**What you will do**: Only the lines from the one containing "Usted podrá generar" through the last line below belong in your copy; transcribe them exactly and omit any pictures.
[[ Dataset section open ]]
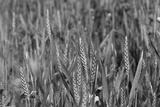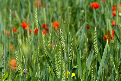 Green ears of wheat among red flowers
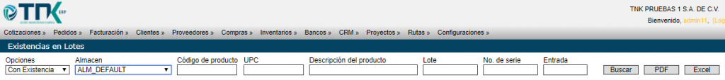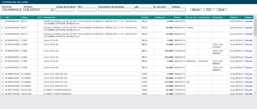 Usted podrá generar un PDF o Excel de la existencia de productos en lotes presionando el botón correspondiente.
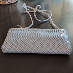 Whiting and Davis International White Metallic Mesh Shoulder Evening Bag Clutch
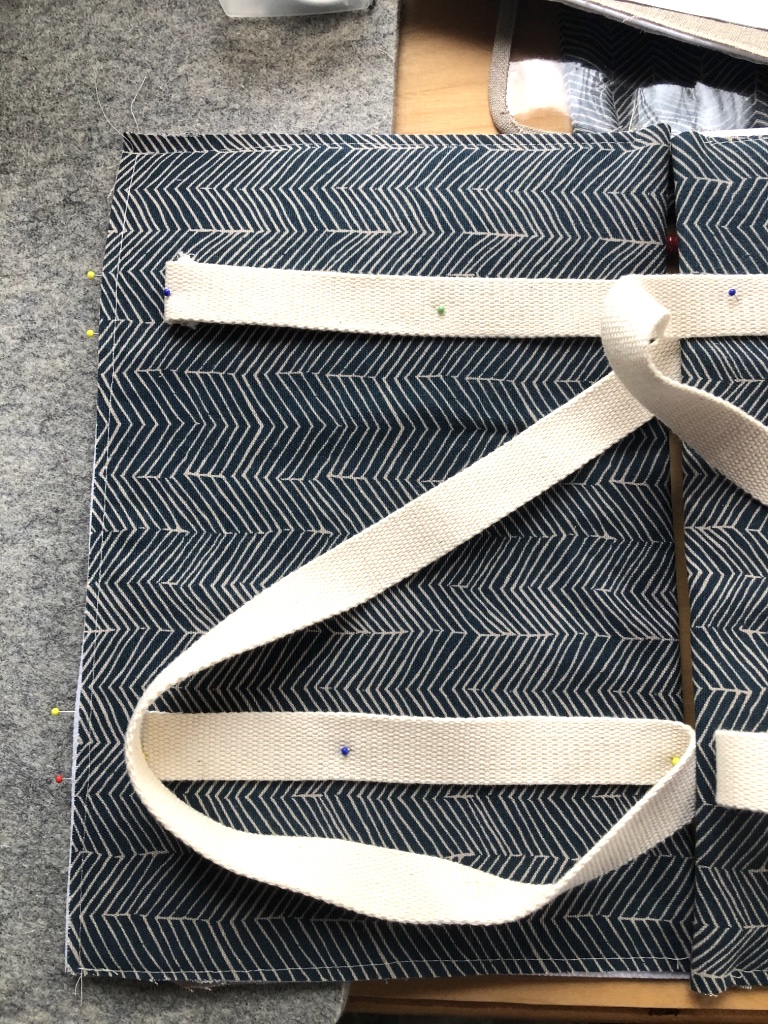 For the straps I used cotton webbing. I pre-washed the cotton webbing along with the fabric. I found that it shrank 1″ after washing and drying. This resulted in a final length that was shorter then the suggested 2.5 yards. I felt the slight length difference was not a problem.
[[ Dataset section closed ]]
**Finished exercise**:
 Usted podrá generar un PDF o Excel de la existencia de productos en lotes presionando el botón correspondiente.
 Whiting and Davis International White Metallic Mesh Shoulder Evening Bag Clutch
 For the straps I used cotton webbing. I pre-washed the cotton webbing along with the fabric. I found that it shrank 1″ after washing and drying. This resulted in a final length that was shorter then the suggested 2.5 yards. I felt the slight length difference was not a problem.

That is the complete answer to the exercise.